Secondly, calculation of distances between texts are required. For that we firstly have to convert the texts to sets of embedding vectors.
We do that in '2_embed_abstracts.py' using the sentence-transformers package, refer to each text as a set of sentence embeddings, and calculate 'energy distance' between two texts (two sets of vectors) in 'calc_energy.py'.
In order to successfully estimate the distance between two texts, we filter sentences that interrupt the procedure (in our case, we prefer to filter out the most common sentences, as well as the rarest sentences). We do that by combining all of the sentences' embeddings in the dataset into one list, order the items according to their frequencies, and filtering least_cutoff_percentage embeddings from the least common sentences. Similarly, we filter most_cutoff_percentage embeddings from the most common sentences. Both cutoff parameters are optimized for each dataset given.
After filtering out the irrelevant embeddings, we compute the distances between each pair of texts using 'energy distance':
def compute_energy_distance_matrix(ds_name, least_cutoff_percentage, most_cutoff_percentage):
Where:
ds_name: The name of the dataset.least_cutoff_percentage: The percentage of data to filter among rare sentences.most_cutoff_percentage: The percentage of data to filter among frequent sentences. We then calculate the energy distance between each pair of embeddings using the usingdcorpackage.
Returns: The energy distance matrix for the matched embedding.
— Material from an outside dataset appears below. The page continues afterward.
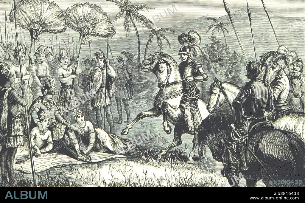 Hernando de Soto (1496/98 - May 21, 1542) was a Spanish explorer and conquistador. He explored and colonized Panama, Nicaragua, Honduras and Peru, where the expedition, led by Francisco Pizarro, conquered the Incan Empire. In 1536 de Soto returned to Spain a rich man due to the gold stolen from the Incas. In 1537 the King of Spain granted him the rights the conquer Florida. He led the first European expedition deep into the territory of the modern-day United States, thus becoming the first European documented to have crossed the Mississippi River. A vast undertaking, de Soto's North American expedition ranged throughout the southeastern United States searching for gold and a passage to China. De Soto died in 1542 on the banks of the Mississippi River in Arkansas or Louisiana. Engraving taken from page 8 of "The Land of the Incas and the City of the Sun; or the story of Francisco Pizarro and the conquest of Peru" by W.H. Davenport Adams, 1885.

You can then run the graph creating part of our pipeline in 'functions.py':
def make_graph(name, **kwargs):
Where:
name: The name of the dataset.**kwargs: A dictionary of values to manually configure the graph creation. Here is an example dictionary:
graph_kwargs = {
'size': 2000,
'color': '#1f78b4',
'K': 5,
}
where:
k: The number of neighbors to account for in the distance based edges.color: The default vertex color (needed in order to plot the final vertex partition).size: The default vertex size (needed in order to plot the final vertex partition).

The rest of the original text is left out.